How to complete this task: What is needed here is an exact repetition of the records below, beginning at the line that has "在安装GNS3软件环境之前首先要安装WinPcap和Wireshark" and stopping after the line that has "Il grafico mostra".

[[ Information shown, beginning ]]

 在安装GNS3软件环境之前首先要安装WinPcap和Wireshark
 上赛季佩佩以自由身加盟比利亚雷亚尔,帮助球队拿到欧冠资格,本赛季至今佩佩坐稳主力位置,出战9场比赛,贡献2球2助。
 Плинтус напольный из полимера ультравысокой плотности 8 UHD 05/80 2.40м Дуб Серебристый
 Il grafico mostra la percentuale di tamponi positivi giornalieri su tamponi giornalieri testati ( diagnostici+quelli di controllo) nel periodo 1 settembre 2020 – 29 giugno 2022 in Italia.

[[ Information shown, end ]]
[[ Information shown, beginning ]]

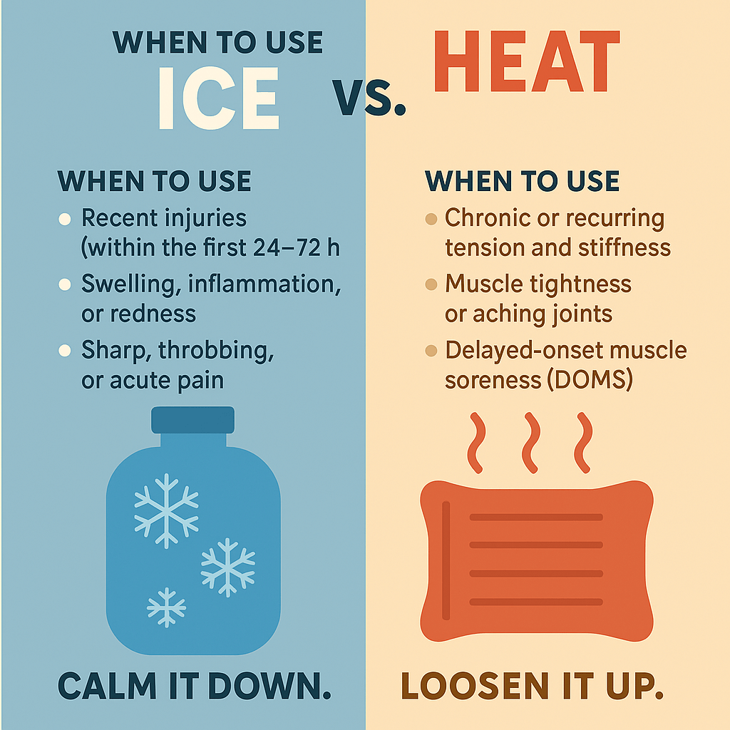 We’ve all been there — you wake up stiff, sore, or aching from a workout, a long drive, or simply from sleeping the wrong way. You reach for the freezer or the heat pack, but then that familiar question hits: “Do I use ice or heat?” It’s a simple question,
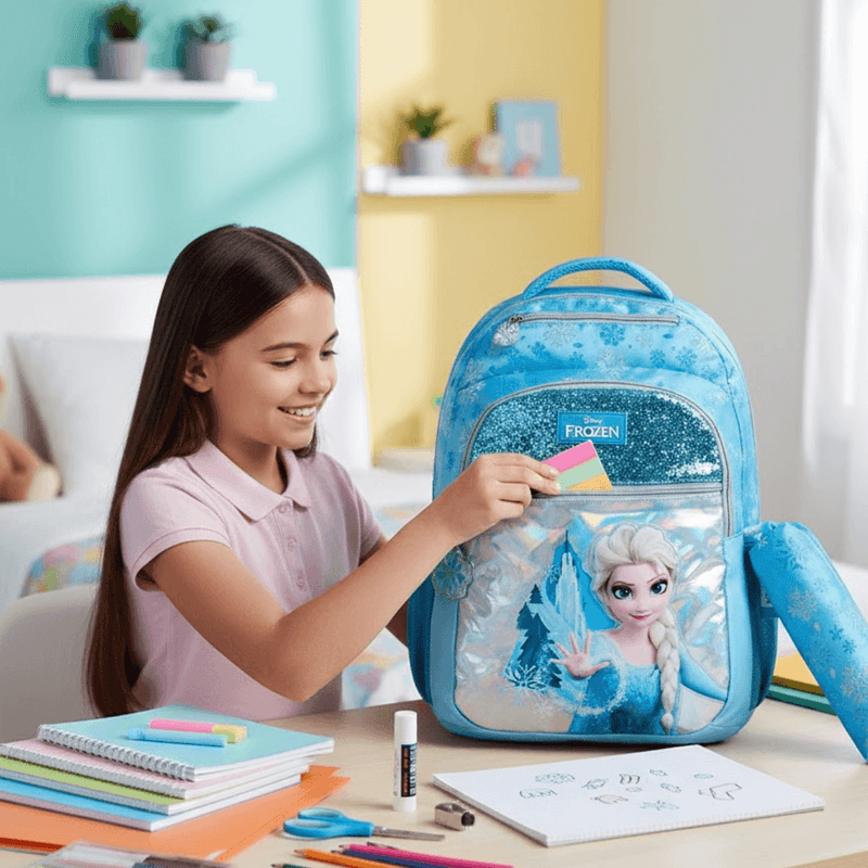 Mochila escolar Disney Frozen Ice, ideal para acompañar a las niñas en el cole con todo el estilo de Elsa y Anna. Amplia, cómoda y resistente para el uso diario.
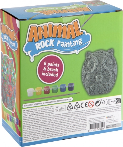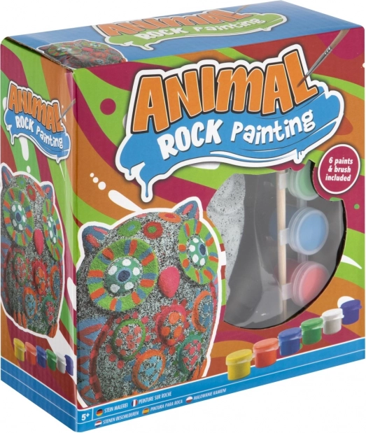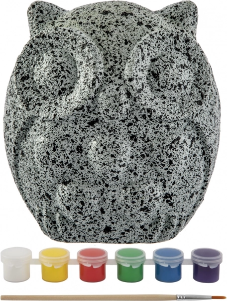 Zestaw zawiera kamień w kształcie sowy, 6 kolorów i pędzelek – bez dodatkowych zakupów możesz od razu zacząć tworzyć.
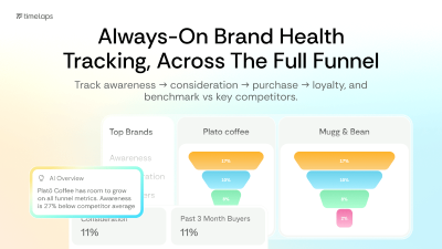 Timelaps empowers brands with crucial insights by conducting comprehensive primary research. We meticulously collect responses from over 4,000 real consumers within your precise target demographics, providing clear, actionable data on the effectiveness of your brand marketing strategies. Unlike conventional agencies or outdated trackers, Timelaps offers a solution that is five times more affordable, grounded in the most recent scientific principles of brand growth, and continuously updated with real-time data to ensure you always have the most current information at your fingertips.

[[ Information shown, end ]]

Solution for this problem:
 在安装GNS3软件环境之前首先要安装WinPcap和Wireshark
 上赛季佩佩以自由身加盟比利亚雷亚尔,帮助球队拿到欧冠资格,本赛季至今佩佩坐稳主力位置,出战9场比赛,贡献2球2助。
 Плинтус напольный из полимера ультравысокой плотности 8 UHD 05/80 2.40м Дуб Серебристый
 Il grafico mostra la percentuale di tamponi positivi giornalieri su tamponi giornalieri testati ( diagnostici+quelli di controllo) nel periodo 1 settembre 2020 – 29 giugno 2022 in Italia.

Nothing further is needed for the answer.